From Echopedia

Leadership is the most important non-mechanical skill to learn in order to have fun and do cool stuff in the Arena.

Leadership means many things. This page introduces ideas backed by sports science that promote high performance groups that have fun together.

 If you have fun, you'll play more. 
 If you play more, you'll play better. 
 If you play better, you'll do more cool stuff in games.
 If you do cool stuff in games, you'll have more fun. 
 You'll play more. You'll play better. 
 You'll do more cool stuff in games.
    - Mantra of DocEducation

Cultivate Positivity[edit | edit source]

High performing sports teams build cultures where everyone believes they can do great things. When everyone feels supported and has fun, players perform better and gain skill faster.

Also, this is a game designed for people to have fun and feel more powerful. Don't lose sight of enjoying your game and helping others enjoy theirs.

Three basic ways to promote positivity over time:

  1. Celebrate success: Say 'nice shot' or 'nice pass' or 'nice save' when teammates and opponents show some skill.
  2. Pick up teammates who make mistakes: say 'nice try' or 'so close, keep shooting'
  3. Laugh and promote laughter: make jokes, laugh at yourself to shake off mistakes, take breaks from being serious

Cultivate Honesty[edit | edit source]

High performing teams build a culture where everyone can be honest with each other about how they can improve as a team. The key is to build trust so that feedback can be given without fear of anyone getting angry and causing drama.

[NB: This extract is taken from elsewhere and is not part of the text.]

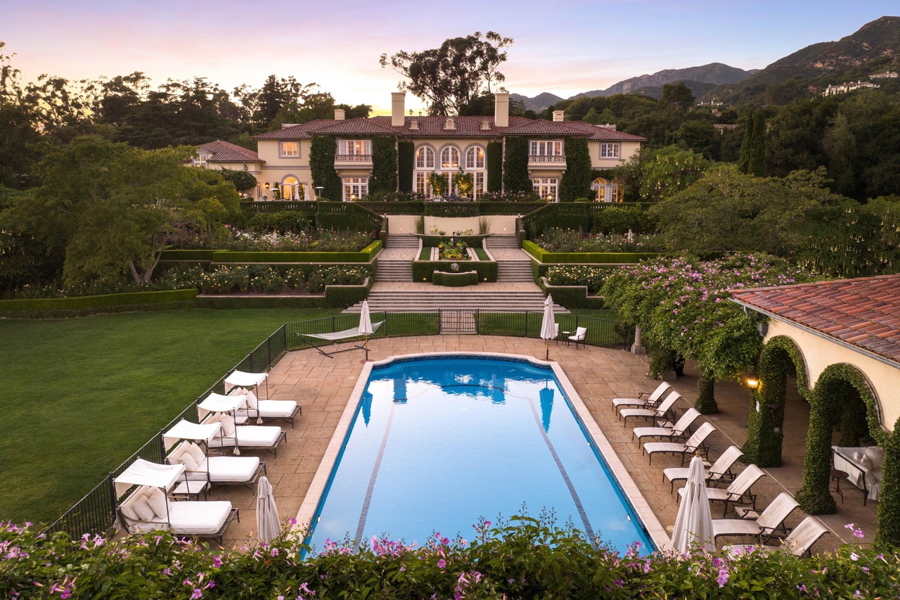Ellen DeGeneres and Portia de Rossi bought 319 San Ysidro Road ($46.5 million), a.k.a. Pompeiian Court, in June for $22.5 million. Is it even possible to add $24 million worth of value in four months? They certainly make a compelling case, stripping the interiors down and letting a little ornateness go a long way. The result is photogenic and glamorous, although sophisticated furniture might be required to stop the all-neutral palette from dominating. (The staging decor can be bought separately.) Eight acres, on which there are various outbuildings, is huge for that part of town (southwest of Montecito Union School). The question is whether folks who can afford it wouldn’t rather be surrounded by like-monied types in the better parts of the Golden Quadrangle.
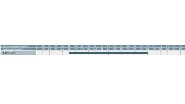 Fujinon XA20sx8.5BRM HD Professional Lens je ENG telefoto objektiv dizajniran za 2/3" fotoaparate. Ima 20x zum, žarišnu duljinu od 8,5 do 170 mm i relativni otvor blende od 1:1,8 u rasponu od 8,5 do 113 mm i 1:2,7 na 170 mm Napredna svojstva stakla smanjuju efekt obruba boja uzrokovan time što leća ne može fokusirati sve boje na istu…

Be careful with how you think and talk about your own game and other people's games.

 A few tips from learning and sports science:
 - It's best if people ask for feedback before you give it out. In public matches or in any match where you don't know the players well, it's best to reserve feedback until asked.   
 - In a team environment, check in on everyone's #Clarity of Commitment to ensure feedback is appropriate for how much time each player has
 - It's best for people to choose their own things to work on. People learn best when they identify the need to improve. 
 - People can only focus on 1-3 things at once. If you overload them with too many things, they will not be able to do any of them. 
 - Don't assume that people aren't already working on something. If someone is focusing on regrabbing and communication, and you give them feedback on their shooting and how they play goalie, you might be overloading their focus. 

Use the SEA framework to promote a positive culture of honesty. All feedback should be:
Specific: Be clear and give details about the issue
Empathetic: Think through the other person's point of view and what they might be going through
Actionable: If you can, give a suggestion on what to do to improve

Build Community Pillars[edit | edit source]

Based on feedback form the community, the developers of Echo Arena - Ready At Dawn (RAD) - have established four community pillars that help everyone have more fun in the Arena.

 Respect Fellow Players: Treat everyone with respect and empathy so that our warm, welcoming, and inclusive community can continue to grow.  
 Honor My Team: Honor the effort of every player by showing up as my best self. In victory and in defeat.  
 Commit to Fairness: Ensure everyone can have a positive and meaningful experience by refusing to cheat, use exploits, or gain unfair advantage.  
 Protect my Community: Speak up to defend others, and report harassment or other toxic behavior whenever I see it, to keep my community safe. 

Clarity of Commitment[edit | edit source]

Be clear about what commitment you and others have to getting better at the game, and take this commitment into account when thinking about how quickly you or your team can improve. Getting good at Echo Arena takes a lot of time, so don't expect to quickly become highly skilled if you are only playing 1-2 times a week. The top performing players are often playing and practicing 6+ days a week for 2-8 hours a day.

If you only have time or only want to play a little bit - that's totally ok! Just be especially easy on yourself and others with similar commitment when mistakes are made. Even at the highest level of competitive play, where players are playing 2-5 hours a day 6+ days a week, mistakes are still made.

Players can become highly skilled at Echo Arena with less time commitment per week, it just takes more weeks to get there =).